午後、岩渕先生の火葬に行って来た。オープンしたばかりの真新しい斎場に、100人くらいの人が来ていた。
お葬式は無宗教で、との指示があったと伺った。人がぎっしり並んだ斎場で、御親族からの御挨拶があった後、お焼香をして退出。
棺の上に、写真が立てかけられていた。岩手山の登山口に立って片手を挙げる先生。その隣に木の札があった。先生の自筆なのだろう、毛筆で「自分の救済者は自分自身である ―ブッダ」と書いてあった。
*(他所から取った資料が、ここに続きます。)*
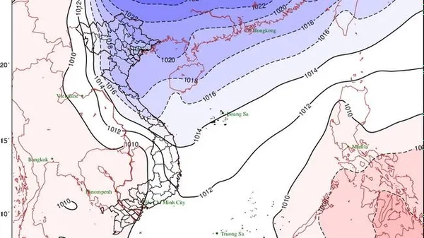 Theo Trung tâm Dự báo khí tượng thủy văn quốc gia, hiện nay (14/1), bộ phận không khí lạnh mạnh đã báo vẫn đang tiếp tục di chuyển xuống phía Nam. Dự báo từ gần sáng ngày mai (15/1/2023), bộ phận không khí lạnh này sẽ ảnh hưởng đến Bắc Bộ, sau đó ảnh hưởng đến Bắc và Trung Trung Bộ. Gió trong đất liền chuyển hướng Đông Bắc mạnh dần lên cấp 3, vùng ven biển cấp 4-5, giật cấp 6-7.

弔いの場でこういうものを見るのは初めてで驚いたけれど、すぐに先生らしいなあと思った。己の信条に忠実な、真面目な人となりがよく表れているし、型どおりの仏式葬儀をしたくない理由がこれで十分に説明されている。少しばかり皮肉も混じっている。「仏」にすがって救済を願う仏教の祖が、こういうことを言っているんですよと、参列者に問いかけているようだ。
いつも言葉少なだけれど、己を曲げずに本質を追及する先生の人格が、強く表れていると思った。チヤホヤされることを好まず、他人に媚びず、自分が求めるものだけをコツコツと積み上げておられた。